Good Developer: "We got that error again. I'm rebuilding the test environment so we can replay it."

Good Manager: "WTF? I thought Dave said he fixed that? Hey Dave, didn't you fix that error? Why are we wasting our time again with this?

Versus:

Ass-hat Manager: "What are you doing?"

Good Developer: "We got that error again. I'm rebuilding the test environment so we can replay it."

Ass-hat Manager: "No - we don't have time. Just fix it and roll it back. Did you respond to the email about the meeting? I gotta go - I gotta 10 with Steve. Good. Ah, roll that back, and ah send that email."
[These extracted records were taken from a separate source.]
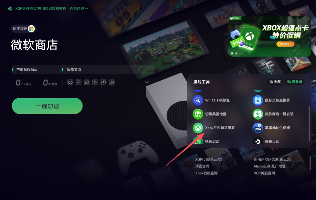 对于XGP版本的玩家,有时会遇到登录黑屏或提示未登录档案的情况,这实际上是客户端的已知bug。玩家可以先卸载XBOX应用,然后使用奇游加速工具搜索XBOX加速,找到并点击下方的下载异常修复功能,解决登录问题。
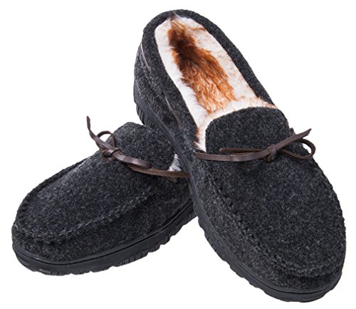 Binding : Apparel Product Description Festooning Men's Thick Plush Lining Moccasin Slippers--BRING YOUR LOVE TO GO AROUND THE WORLD ! ?Classic moccasin style--Featuring Felt upper, slip on design for easy on/off wear and classic Moc Toe Design ?The Festooning Slippers is Only for you and your family to bring a caring and warmth ?Cushioned insole and Thick Plush lined. Its memory-foam insole with extra-thick cushioning system adds maximum walking comfort ?Fashion without having to deliberately ?Add a litter handsome for driving an health set foot fashion design ? Waterproof rubber sole, offering you an anti-slip protection ? Machine or hand washable easy to care ultra light weight (please Machine washed in the laundry bag)
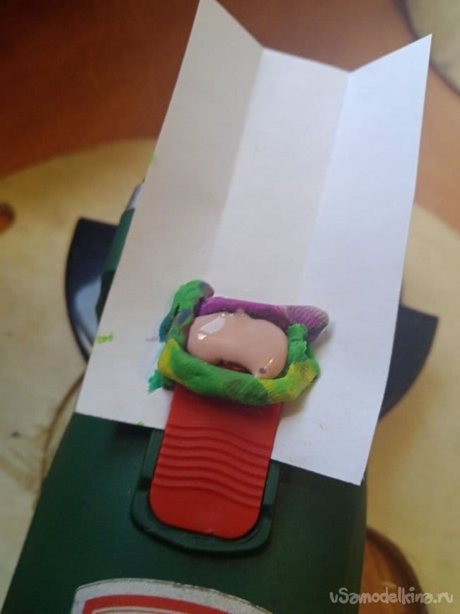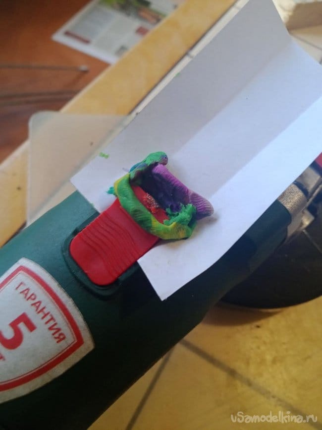 Получилось, но, мне кажется, недолго она там проживёт. Решено сверху налить моей любимой эпоксидки. Так как разбирать снова было лень, я решил клеить на месте, и чтобы Хват не растекался, пришлось соорудить что-то типа обрешетки из бумаги и пластилина.
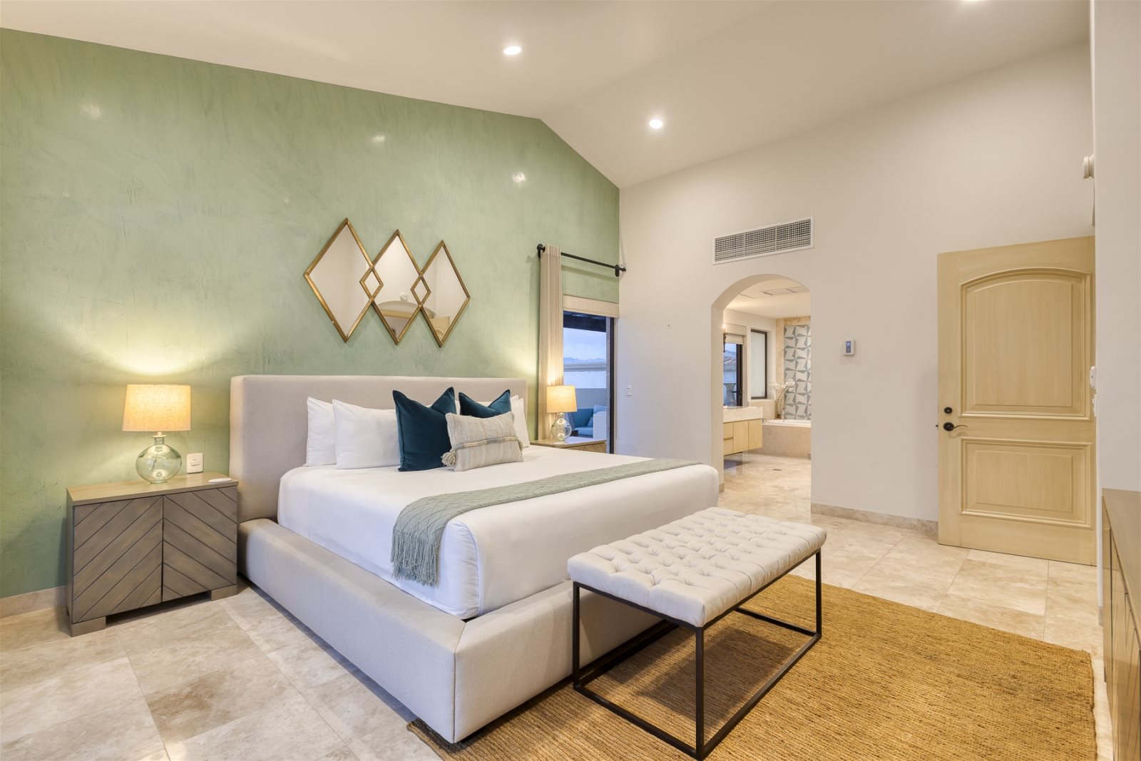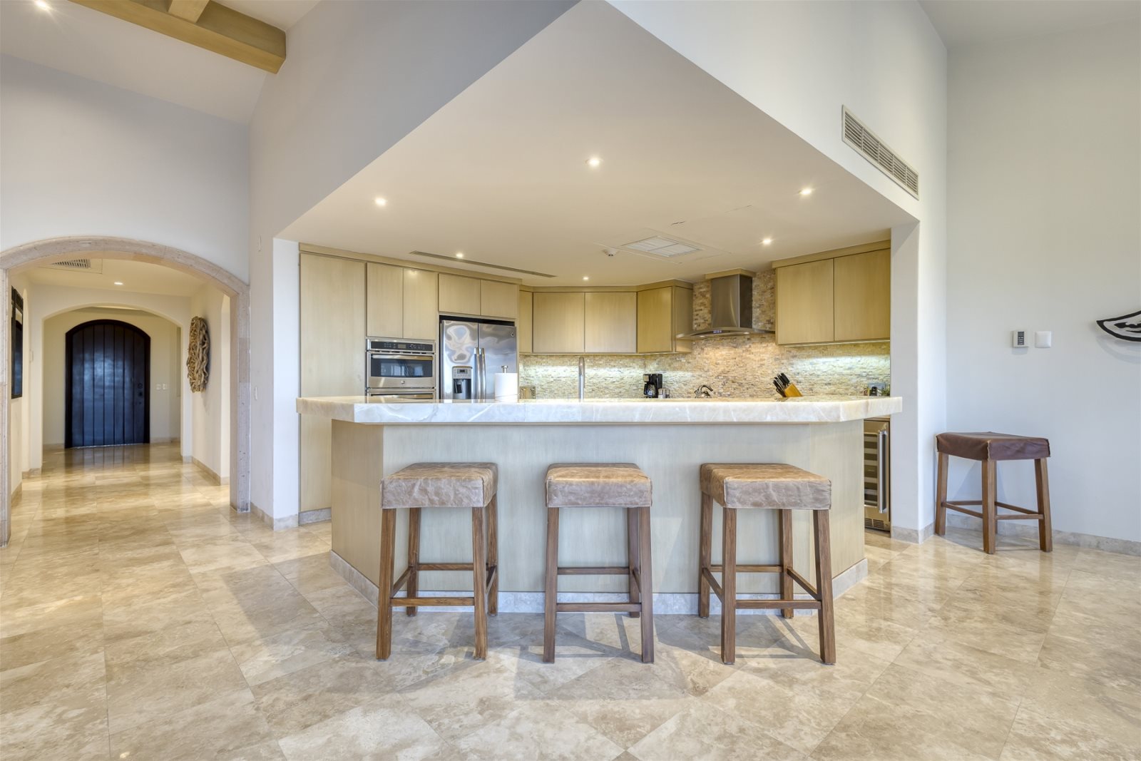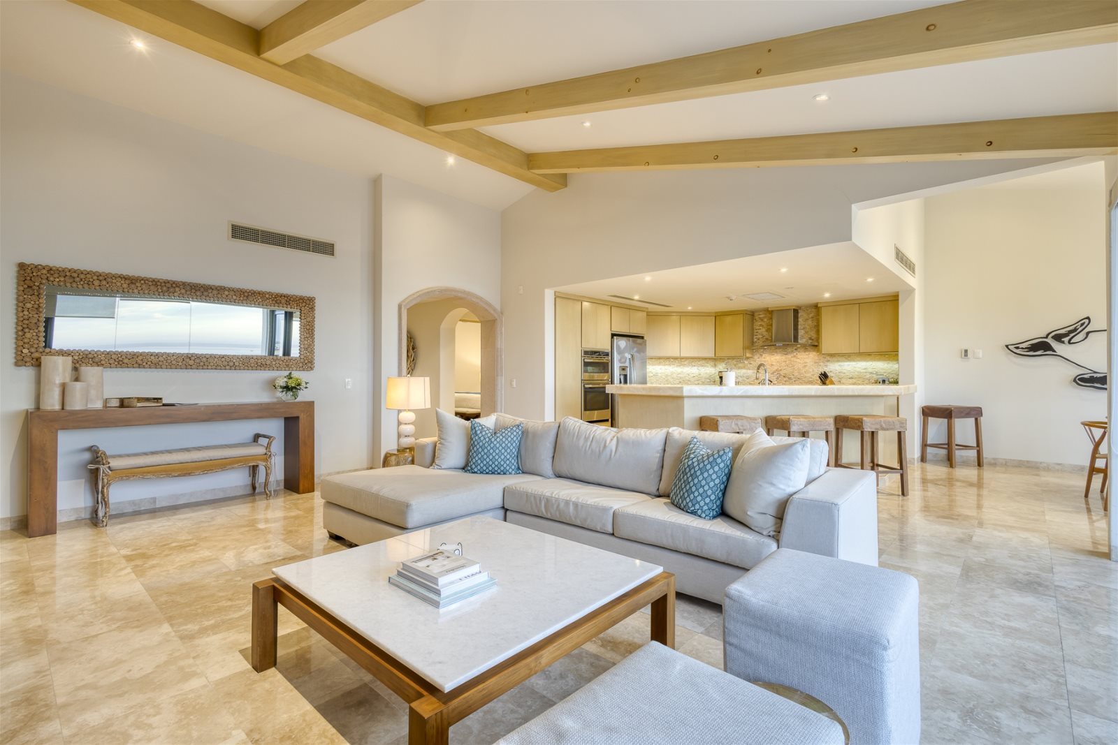 The large open design with high ceilings and wood rafters allows the Sea of Cortez breeze to flow freely throughout the home, providing peace and tranquility. Puerta del Sol is a double-gated community within the world-famous Cabo del Sol community. Each building has a private pool and underground parking, ensuring privacy and security. Enjoy around-the-clock security, onsite private beach access, and fitness center facilities.

As a director, I tell all my teams to "take the time today" to get it right, so we won't be up at midnight.

David Robbins
Hey you know my manager ? ;)
webclimber
I've worked for people like that and it sucks! As a director now, I want to avoid the environments that I hated, and hopefully people will be productive for me. The folks I report to kinda hate it, but I'm a big boy and my team delivers in a big way.
David Robbins
A: 

Possibly repeating what has already been written, but YES!!! The rationale is: only find a bug once. If you can write a test which replicates the bug, you will not have to manually test for it again - your automated test will find it.
So then you fix the bug, and you can be safe in the knowledge that your software will never suffer from this bug again. This is good. It will save you time. It will save you money.

David_001
A: 

I've argued with my manager that we should reproduce the bugs locally to ensure the fix works, and more importantly so developers and QA can include the check for these cases as part of the regular release.

I especially agree with the part about developers and QA including checks. This is a part of what Japanese call Jidoka (which stands for "automation with a human touch"):

[...] Autonomation prevents the production of defective products, eliminates overproduction and focuses attention on understanding the problem and ensuring that it never recurs. It is a quality control process that applies the following four principles:

  1. Detect the abnormality.
  2. Stop.
  3. Fix or correct the immediate condition.
  4. Investigate the root cause and install a countermeasure.

The countermeasure is there to prevent recurrence. This is how you build a Poka-Yoke - mistake-proof - process (and a process that lets defects occur is a defective process). Good managers should get that.

Pascal Thivent